START EXERCISE DATA
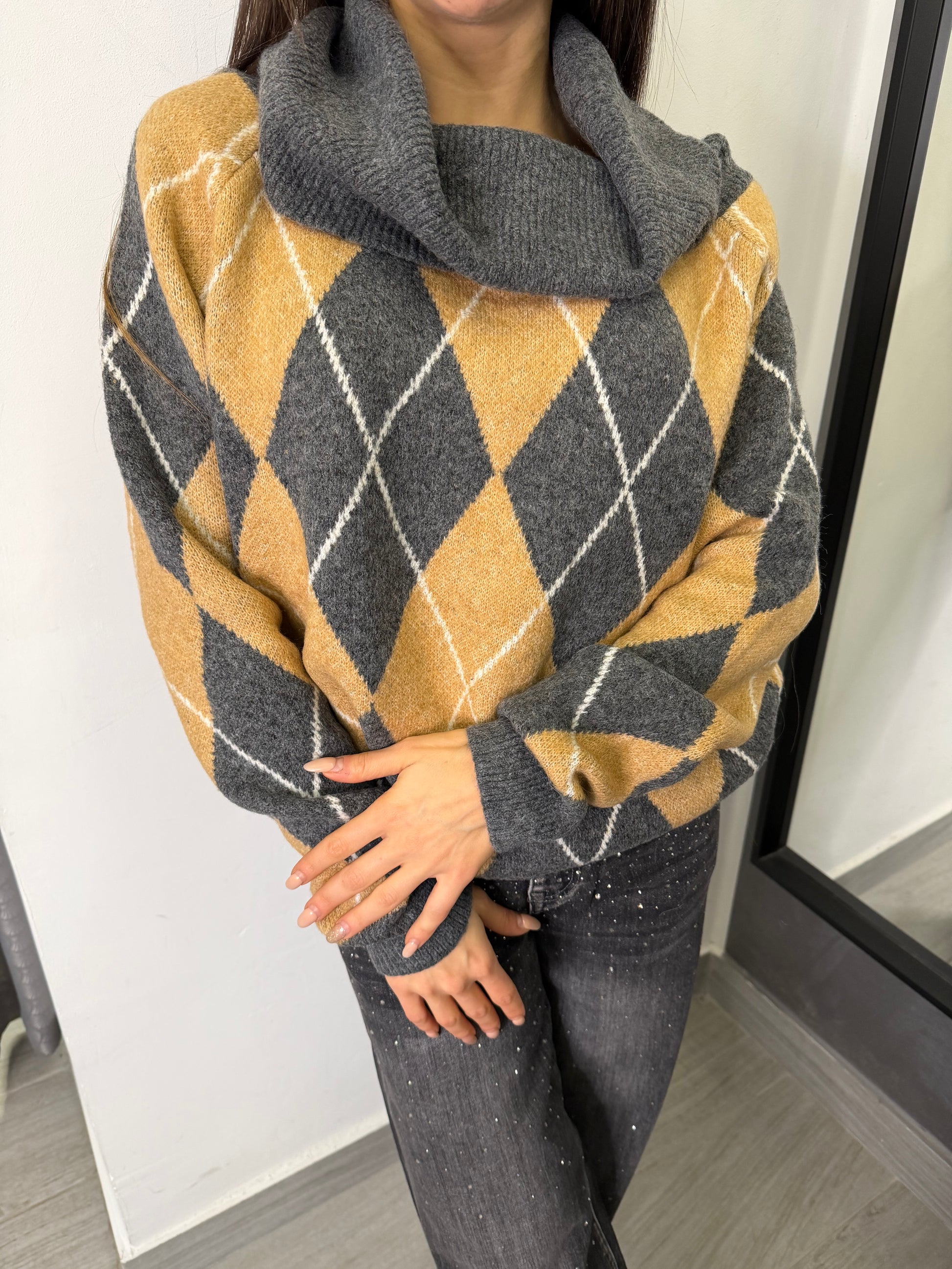 Maglione a rombi modello oversize con collo alto ad anello. Taglia unica veste fino ad una 48. Composizione 50% poliestere 45% poliammide 5% spandex
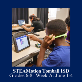 Dates: 06/01/2026 - 06/04/2026 Times: M -TH , 9:00 AM - 3:00 PM Location: Tomball ISD Location- TBA Grade: 6th-8th (current 2025-2026 school year) Price: $449/week* - Lunch is not included. - Student lunch accounts at Tomball ISD may be used to purchase a daily lunch for STEAMotion at Tomball ISD cafeterias. - If not using a student lunch account, participants at this location will need to bring their own lunch daily. - All participants will need to bring their own snacks and a water bottle each day. * A $3.00 administrative processing fee will be applied to your registration upon checkout. *Discounts and refunds cannot be issued for partial attendance in the program. STEAMotion Tomball Week A, Grades 6-8 (current 2025-2026 school year) at Tomball ISD is a dynamic 4-day, summer academy crafted by the Rice Office of STEM Engagement in partnership with various districts. This program is designed to ignite young minds and bodies, offering a unique blend of enriching STEAM (Science, Technology, Engineering, Arts, and Mathematics) activities. Students embark on an exciting journey exploring physics, mathematics, computer science, and engineering through hands-on activities in the classroom and in motion. Each day includes immersive STEAM projects and engaging activities, fostering teamwork and collaboration. Led by experienced school district staff, our academies also feature guest speakers and special learning opportunities, ensuring a rich and memorable experience for all participants. Right click here to open a new window and apply for scholarships.
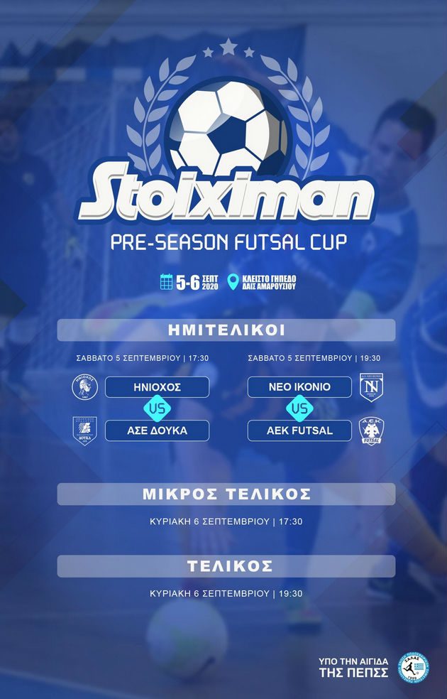 Τα πρώτα παιχνίδια προετοιμασίας ενόψει της νέας αγωνιστικής περιόδου θα δώσει το Σαββατοκύριακο 05-06 Σεπτεμβρίου η ανδρική ομάδα ποδοσφαίρου σάλας της ΑΕΚ. Οι Πρωταθλητές Ελλάδος θα αγωνιστούν στο Stoiximan Pre-Season Futsal Cup το οποίο διοργανώνει η ΠΕΠΠΣ στο Δαΐς, ενώ το “παρών” θα δώσουν ακόμα ο Ηνίοχος, το Νέο Ικόνιο και ο ΑΣΕ Δούκα.
END EXERCISE DATA
[THE TASK] Quote the preceding listing precisely and completely, omitting its images.

[SOLUTION TO THE PROBLEM]
 Maglione a rombi modello oversize con collo alto ad anello. Taglia unica veste fino ad una 48. Composizione 50% poliestere 45% poliammide 5% spandex
 Dates: 06/01/2026 - 06/04/2026 Times: M -TH , 9:00 AM - 3:00 PM Location: Tomball ISD Location- TBA Grade: 6th-8th (current 2025-2026 school year) Price: $449/week* - Lunch is not included. - Student lunch accounts at Tomball ISD may be used to purchase a daily lunch for STEAMotion at Tomball ISD cafeterias. - If not using a student lunch account, participants at this location will need to bring their own lunch daily. - All participants will need to bring their own snacks and a water bottle each day. * A $3.00 administrative processing fee will be applied to your registration upon checkout. *Discounts and refunds cannot be issued for partial attendance in the program. STEAMotion Tomball Week A, Grades 6-8 (current 2025-2026 school year) at Tomball ISD is a dynamic 4-day, summer academy crafted by the Rice Office of STEM Engagement in partnership with various districts. This program is designed to ignite young minds and bodies, offering a unique blend of enriching STEAM (Science, Technology, Engineering, Arts, and Mathematics) activities. Students embark on an exciting journey exploring physics, mathematics, computer science, and engineering through hands-on activities in the classroom and in motion. Each day includes immersive STEAM projects and engaging activities, fostering teamwork and collaboration. Led by experienced school district staff, our academies also feature guest speakers and special learning opportunities, ensuring a rich and memorable experience for all participants. Right click here to open a new window and apply for scholarships.
 Τα πρώτα παιχνίδια προετοιμασίας ενόψει της νέας αγωνιστικής περιόδου θα δώσει το Σαββατοκύριακο 05-06 Σεπτεμβρίου η ανδρική ομάδα ποδοσφαίρου σάλας της ΑΕΚ. Οι Πρωταθλητές Ελλάδος θα αγωνιστούν στο Stoiximan Pre-Season Futsal Cup το οποίο διοργανώνει η ΠΕΠΠΣ στο Δαΐς, ενώ το “παρών” θα δώσουν ακόμα ο Ηνίοχος, το Νέο Ικόνιο και ο ΑΣΕ Δούκα.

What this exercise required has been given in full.